Como afirmam Lankshear e Knobel (2008, p. 13), “A pesquisa pedagógica é não quantitativa, não psicométrica, não positivista, não experimental”. Envolve profissionais que pesquisam suas próprias salas de aula. Permite que eles descrevam suas compreensões acerca da prática docente que desenvolvem (ou já desenvolveram). O professor é o principal sujeito da pesquisa, como já apontado. Defendem esses autores que os professores pesquisadores da própria prática:

[...] baseiam-se em um cabedal de conhecimento profissional compartilhado e na experiência acumulada para conduzi-los, o mais longe possível, em situação específica. Quando precisam ir além dessa “sabedoria profissional” compartilhada, baseiam-se no conhecimento educacional especializado, na experiência, nas redes de contato e na sua competência para formular um julgamento autônomo e criterioso para tomar decisões sobre a melhor maneira de promover os objetivos de aprendizagem. E fazem isso caso a caso... (LANKSHEAR; KNOBEL, 2008, p. 15, grifo do autor).

Desse modo, penso que aprender, hoje, com a experiência alfabetizadora em tempos iniciais de exercício no magistério, é reaprendê-la, é tornar-me mais consciente acerca da contribuição para a pesquisa educacional. Ser vista como aprendiz do conhecimento ainda não sabido e, ao mesmo tempo, ser considerada produtora de conhecimento por meio da reflexão, percepções e interpretações sobre o fato Jairo é, no meu entendimento, contribuir para melhorar o ensino, a formação dos alunos e das novas gerações de professores alfabetizadores da escola básica brasileira.

Lankshear e Knobel (2008) parecem sustentar esta minha ótica, quando enfatizam que:

É por meio de sua própria pesquisa que os professores podem ficar atentos ao seu método de ensino, e detectar o que faz com que os alunos tenham um menor rendimento, aprendendo menos do que poderia.

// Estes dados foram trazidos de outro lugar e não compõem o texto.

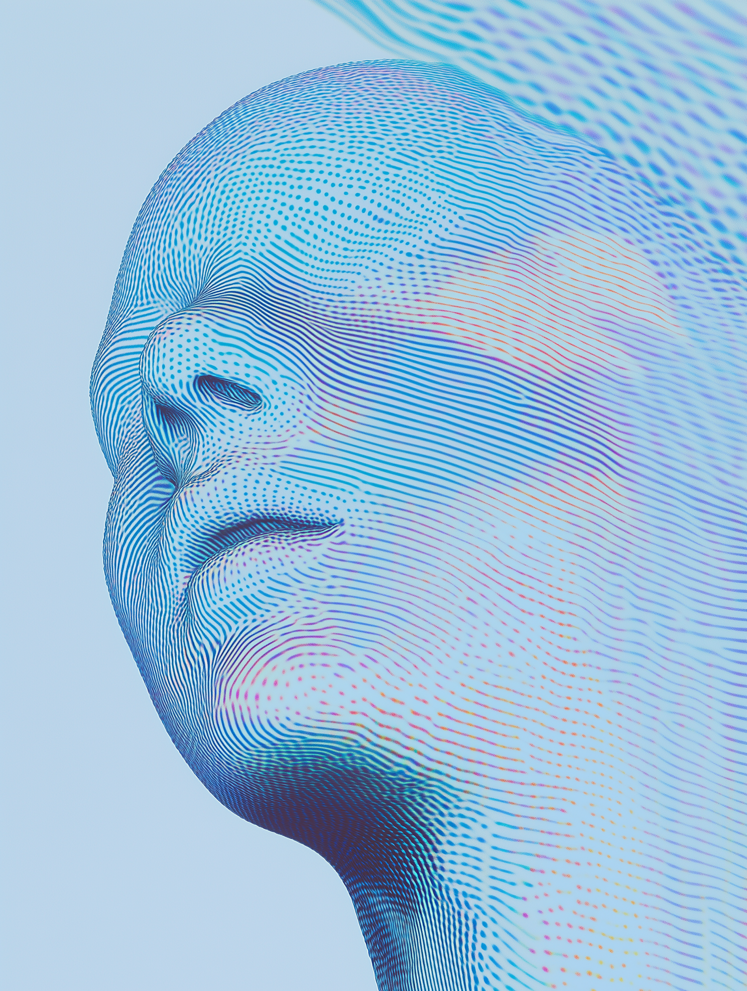 Abstract digital illustration of a human face with blue and purple lines, creating a serene and textured effect.
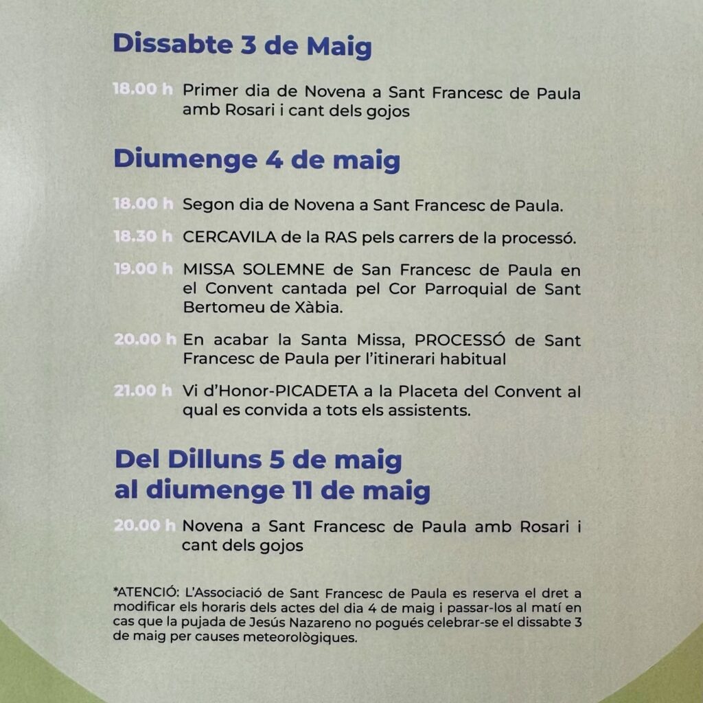 « All Events This event has passed. Event Series: โ Fiesta SAN FRANCESC DE PAULA | Solemn Mass and Procession โ Fiesta SAN FRANCESC DE PAULA | Solemn Mass and Procession May 4 @ 19:00 CEST « โฝ PRIMERA FFCV | CD Jรกvea v CD El Campello ๐ผ CHARITY CONCERT in aid of Aspanion » Share Tweet LinkedIn Email Print Add to calendar Google Calendar iCalendar Outlook 365 Outlook Live Details Date: May 4 Time: 19:00 CEST Series: โ Fiesta SAN FRANCESC DE PAULA | Solemn Mass and Procession Event Category: Fiesta Venue PLACETA DEL CONVENT Placeta del Convent Javea, Alicante 03730 Spain + Google Map Related Events ๐ถ ๐ง๐๐ฅ๐๐๐ข ๐๐๐๐ฆ๐ง๐ ๐๐๐ง๐๐ก๐ @ ๐๐ผ๐ฟ๐ฎ๐น๐ฒ๐ ๐๐ฎ๐๐๐ฟ๐ผ๐ฏ๐ฎ๐ฟ December 7 @ 16:30 CET โญ ๐๐๐๐ฆ๐ง๐ ๐ฆ๐๐ก๐ง๐ ๐๐๐จ๐๐๐ | La Criada ยท The Call to Fiesta December 12 @ 19:30 CET โญ ๐๐๐๐ฆ๐ง๐ ๐ฆ๐๐ก๐ง๐ ๐๐๐จ๐๐๐ | Pilgrimage and Mass December 13 @ 10:00 CET
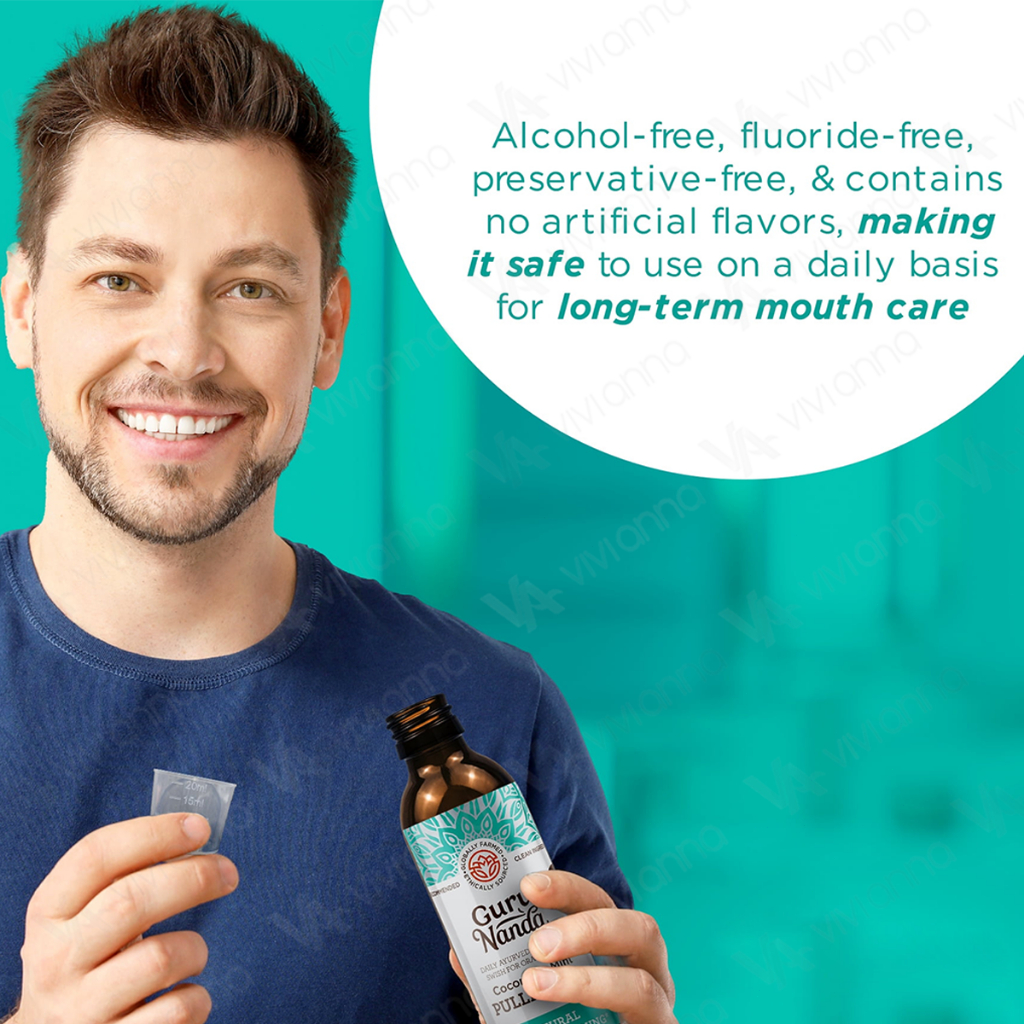 [FLASH SALE] USA GuruNanda Obat Kumur 237ml, USA Mouthwash Guru Nanda Pulling Oil, GuruNanda Coconut Mint Teeth Whitening Oral Rinse Oral Health Coconut Mint untuk Kesehatan Mulut
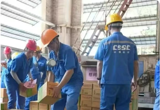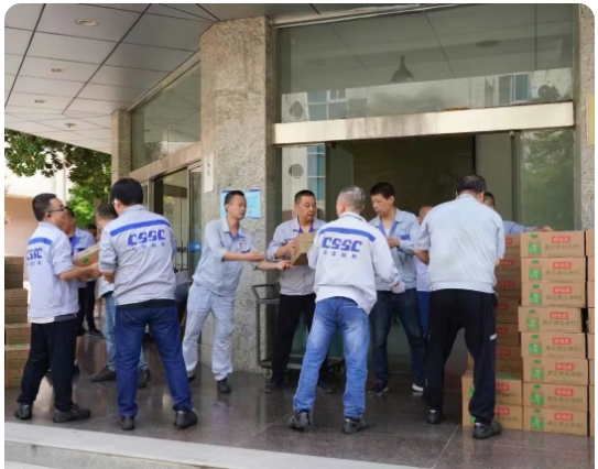 为应对持续高温天气,中船物资全面部署防暑降温工作,切实保障一线员工健康安全。下属各子公司严格落实安全生产责任,组织专项安全检查,强化作业现场安全管理;结合不同岗位作业强度,科学制定防暑降温方案,并通过安全教育提升员工应急处置能力。同时,积极开展“关爱员工送清凉”慰问活动,为一线员工发放藿香正气水、清凉饮料等防暑物资,并升级改造员工休息室,改善高温作业环境。
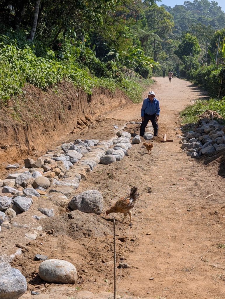 Le projet auquel tous les participants du séjour ont contribué financièrement consiste à la réparation de la route menant au village, en transportant des pierres, un effort physique exigeant.
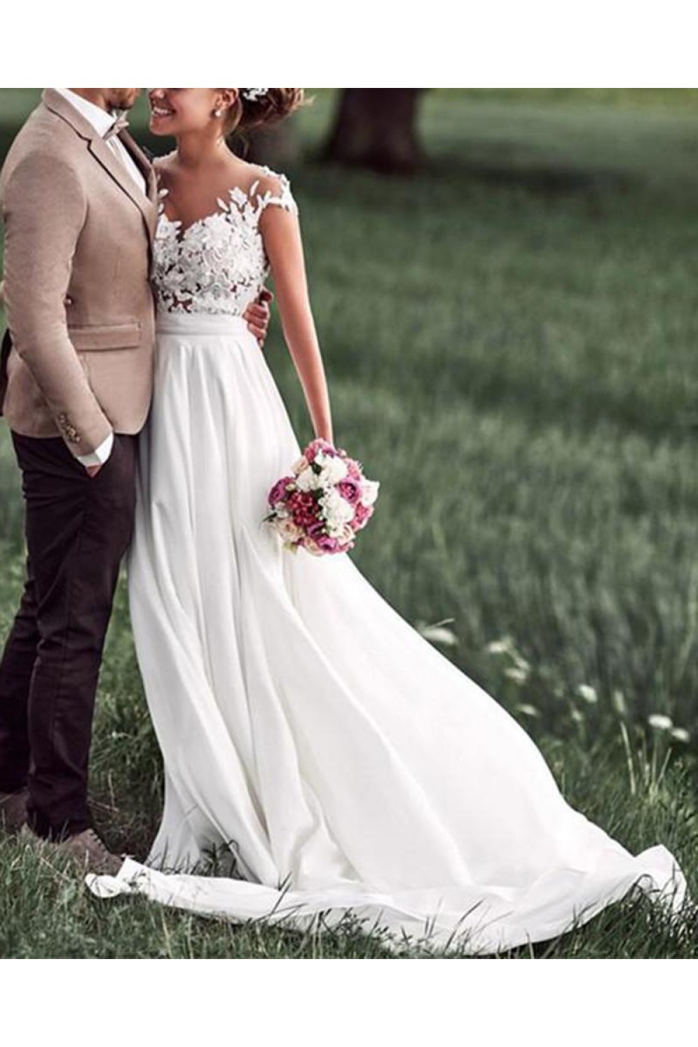 Elegant Chiffon and Lace Wedding Dresses Bridal Gowns 903006
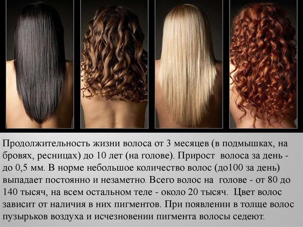 Рост волос состоит из четырех отдельных стадий- Фаза анагена длится 3-5 лет; волосы на голове растут примерно на дюйм в месяц, летом быстрее, чем зимой; один волос может расти в течение семи лет и достигать метра в длину.
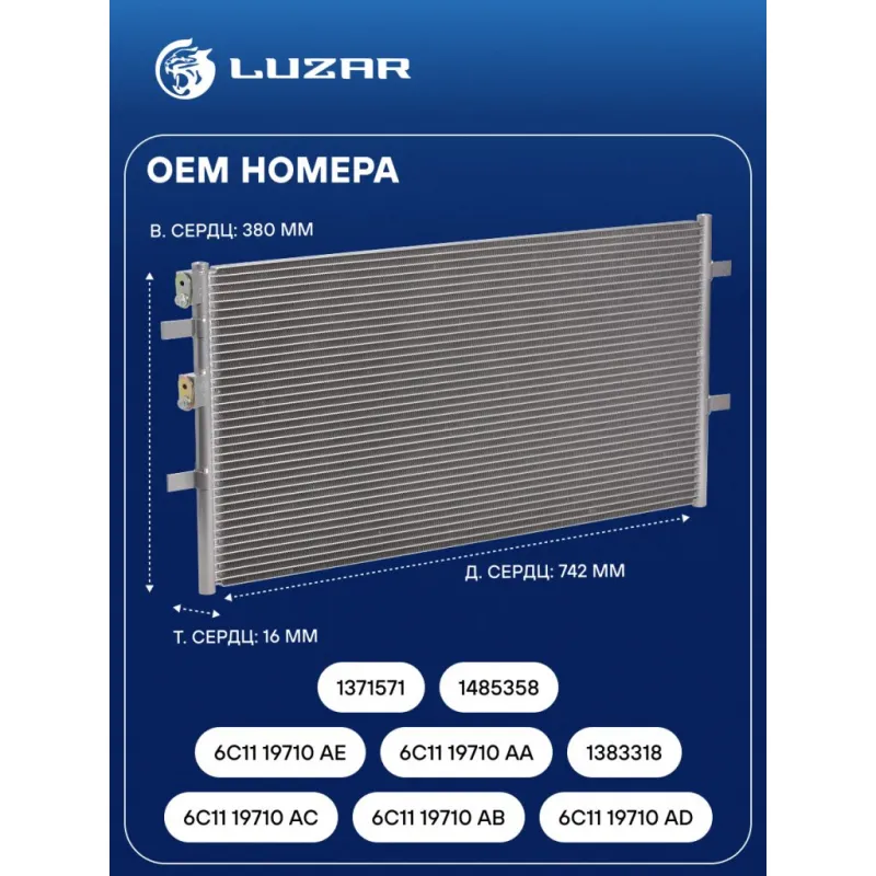 Радиатор кондиционера для автомобилей Transit (06-) Характеристики: Артикул: LRAC 10CC OEM номера: 1383318, 1371571, 1485358, 6C11 19710 AC, 6C11 19710 AB, 6C11 19710 AD, 6C11 19710 AE, 6C11 19710 AA Количество на автомобиль: 1 Длина сердцевины, мм: 742 Высота сердцевины, мм: 380 Толщина сердцевины, мм: 16 Сопутствующий товар: Радиаторы охлаждения: LRc 10AB; LRc 10CC Сопутствующий товар: Компрессоры кондиционера: LCAC 1089; LCAC 1690 Подходит для авто: Ford Transit VII (06-) Для проверки применяемости отправьте VIN автомобиля через вкладку "Есть вопросы о товаре?" Комплектация: Радиатор кондиционера Паспорт изделия - 1 шт Радиатор кондиционера c ресивером - 1 шт Гарантия: от 1 года.

Com essa consciência, podem realizar mudanças criteriosas, colocá-las em prática e melhorar os resultados do ensino (LANKSHEAR; KNOBEL, 2008, p. 15).

Ademais, opto por esta metodologia porque nela podem se interpenetrar os princípios da teoria interdisciplinar e os fundamentos e as bases epistemológicas da fenomenologia que a sustentam, imbricados na abordagem qualitativa.

A meu ver, a pesquisa pedagógica desenvolvida nessas bases, nesses princípios e em consonância com a abordagem apontada, pode realizar um ideal maior, qual seja, o de problematizar a função social do ensino e a padronização dos currículos formais, bem como da pedagogia orientada pelos princípios liberais tecnicistas e/ou positivistas, o modelo de alfabetização como simples transcrição de um código das partes sonoras para as partes gráficas e o modelo de formação docente estritamente disciplinar.

Afinal, há que se concordar que na disciplina estanque fragmenta-se; na multidisciplinaridade, encasula-se; e que é na interdisciplinaridade que se tem o uno no múltiplo.

Há que se considerar, ainda, que a abordagem qualitativa de pesquisa poderá, em maior profundidade, alcançar a complexidade do processo educacional e, engendrado neste, a complexidade do processo de alfabetização e das teorias mais recentes que o orientam, preparando o professor alfabetizador para, de forma competente, abstrair e interpretar os processos de aprendizagem que ocorrem nas salas de aula, conhecimento não apropriado por mim naquele contexto.

Trata-se, também, de tipo peculiar de pesquisa que pode trazer à tona a problematização ampla da tendência atual de desqualificação dos professores e das instituições formativas. Além disso, desvela a costumeira negligência com os conhecimentos prévios dos alunos e com a sua capacidade de aprender. Isso em decorrência da reflexão sobre as ações e intervenções pedagógicas realizadas, em função do aprimoramento profissional, o qual requer, além de compromisso competente, imaginação e criatividade, que se assegure o rigor metódico na análise do fato pedagógico aqui assumido como o objeto de estudo.